Dr. Padma Prasad Khatiwada, Associate Professor in the Population Studies Department of TU, highlighted the global trend of a significant migration of young populations from poor nations to wealthy ones. He emphasised the challenge faced by developed countries in managing their youthful demographic entry, while others grapple with potential shortages in the working-age population shortly.

The census indicates that 27 per cent of the current population falls below 15 years of age while the ageing society (above 65 years) constitutes 7 per cent and is on an upward course. Concurrently, the working-age 

population, spanning 15 to 64 years, stands at 66 per cent, which is a perfect composition. Despite having a sufficient working-age demographic, Dr. Khatiwada emphasised that the numbers suggest the potential for significant contribution to national prosperity now. But, it can't happen because of various challenges.

As the working-age population moving towards an ageing population due to a low birth rate, it is the right moment to use the existing workforce for national progress. But, unfortunately, this potential is hindered by the increasing trend of youth migrating abroad in pursuit of better opportunities, Khatiwada said.

Dr. Yogendra Bahadur Gurung, head of the Population Studies Department, said that the authorities needs to design its policy and programmes according to demographic trends, but currently, political parties are designing it according to their choice randomly. For instance, the nation is presently constructing schools without considering demographic trends. However, in the coming years, these establishments might become unnecessary due to the impact of declining birth rates.
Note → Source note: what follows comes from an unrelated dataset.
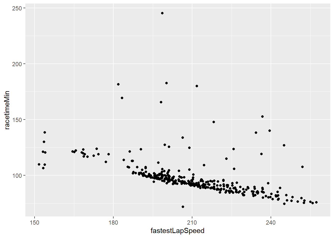 ggplot(aes(x=fastestLapSpeed, y=racetimeMin))+

Dr. Kamala Devi Lamichhane, lecturer at the Department, said now parents are not discriminating against their children by sex after their birth but it is found in the census that they did discriminate before their birth. 

The census report reveals a disparity with 100 girls born for every 114 boys, different from the universal ratio of 100 girls to 105 boys. Such gender imbalances could lead to future challenges. 

Hence, the nation needs proficient demographers to analyse and communicate this information to stakeholders to plan and work according to the requirements. However, the Department has been facing a shortage of students to pursue population studies, Gurung said. “Therefore, the Department has been launching various schemes to lure students,” he said.